Thank you for such a detailed explanation!
Now I understand is a development or technology limitation.


----------



## PSU_Sudzi (Jun 4, 2015)

Dan203 said:


> No. This is a limitation of iOS and the technology TiVo uses for video streaming. TiVo uses a technology called HLS to stream video. HLS works by breaking the video up into tiny 10 second chunks, each it's own file. When you download a show they use the same technology but just save all those chunks on the devices drive instead. The background download service in iOS only allows an app to push the downloading of a single file off to the background. So becuase of how TiVo works this means the app would only be able to download a single 10 second chunk in the background before it needed to be brought to the foreground again to request the next one.
> 
> The only way they could add this feature is if they were to completely change how the download feature worked so that it downloaded the entire file as a single chunk. Which I'm not even sure is possible with the hardware they're using now.

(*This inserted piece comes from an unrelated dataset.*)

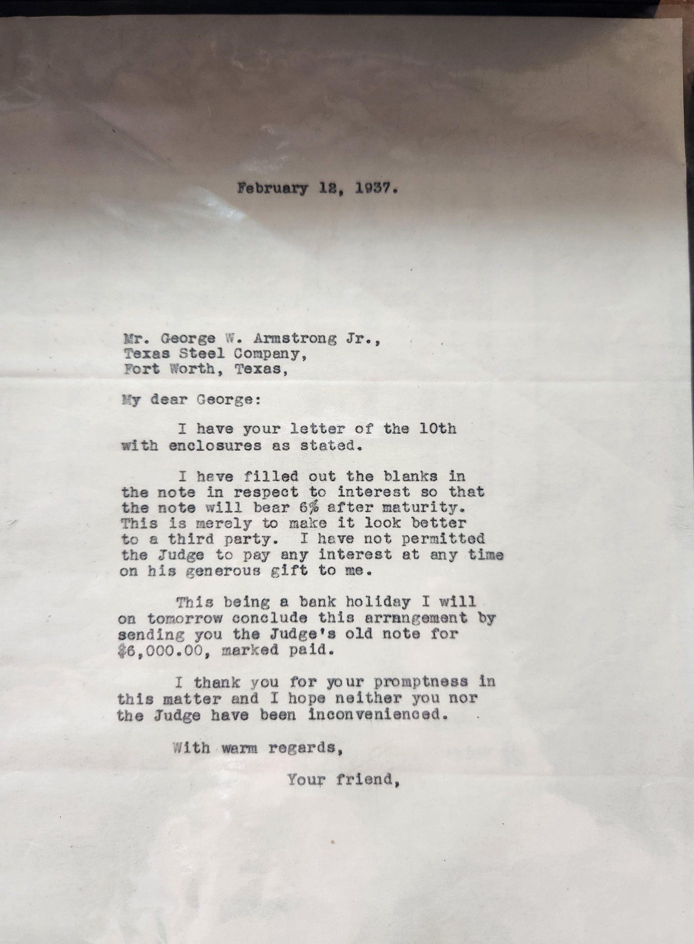 Letter to George W Armstrong from John Henry Kirby February 12, 1937Tags
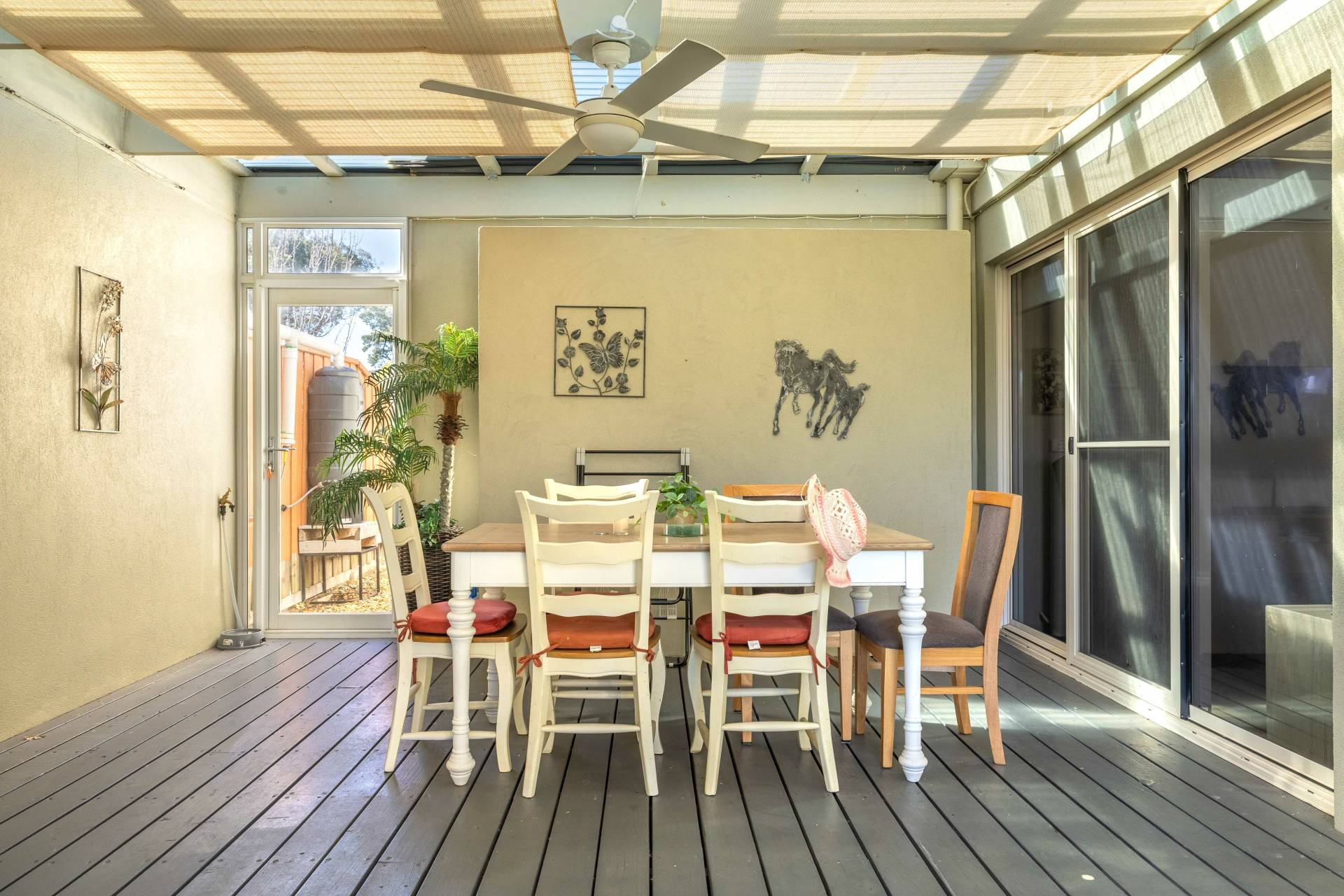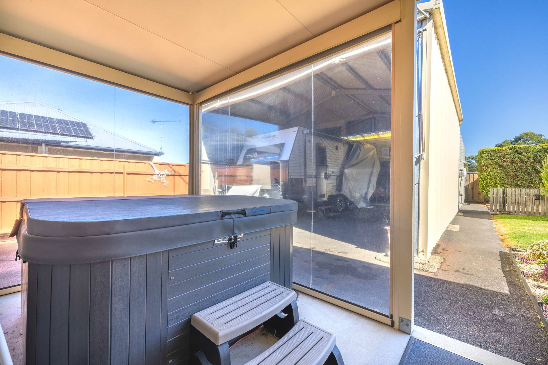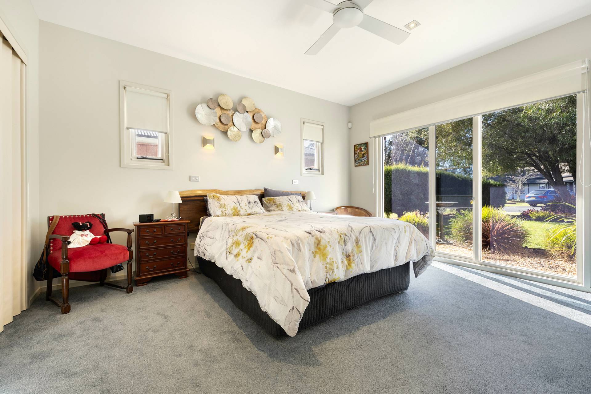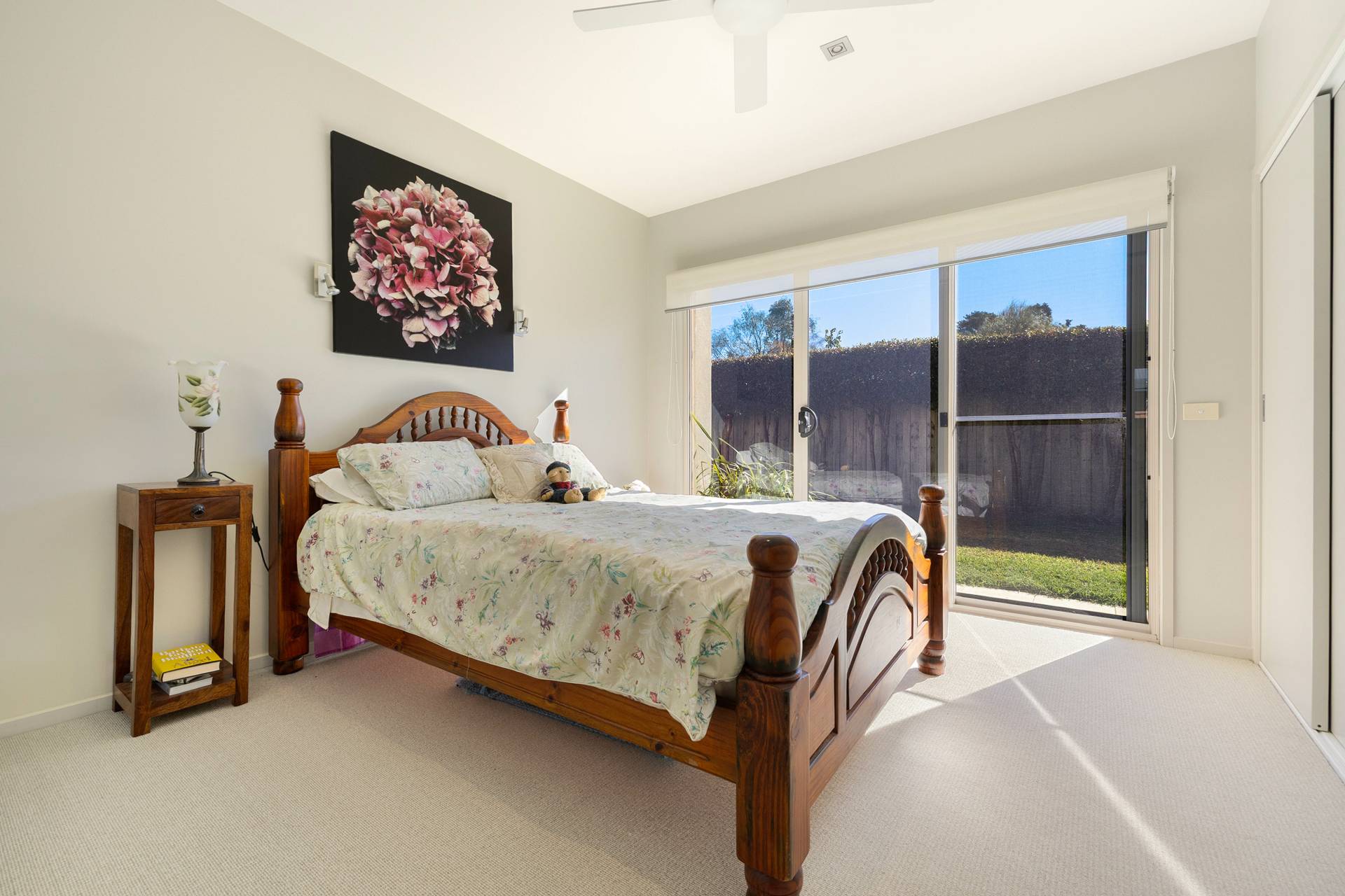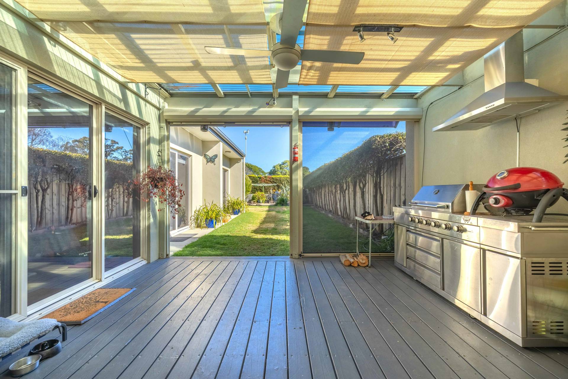 The open-plan living area features a cozy woodfire heater and flows seamlessly to a gorgeous outdoor space that can be fully enclosed with retractable blinds. A lovely space for entertaining all year round, with low-maintenance, established gardens completing the picture.

Just so I understand, you have to leave your iPad "open" to the TiVo app for the entire download process? That could take forever!


----------



## Jonathan_S (Oct 23, 2001)

PSU_Sudzi said:


> Just so I understand, you have to leave your iPad "open" to the TiVo app for the entire download process? That could take forever!


Yep. 
I tend to kick off those transfers right before I go to bed. Plug the ipad in to charge, open the TiVo app and queue up the transfers then leave it open and running overnight.

Unfortunately there are technical limitations (explained up-thread) that mean it can't continue to download when the TiVo iOS app is in the background.


----------



## Hickoryw (Dec 6, 2008)

Does seem to work on android... just doesn't see sd card only internal.


----------



## Dan203 (Apr 17, 2000)

Yeah Android allows background processing, so it's basically like minimizing a Windows app. iOS is much more protective of resources, especially power, so they have very strict requirements on what apps can do in the background.


----------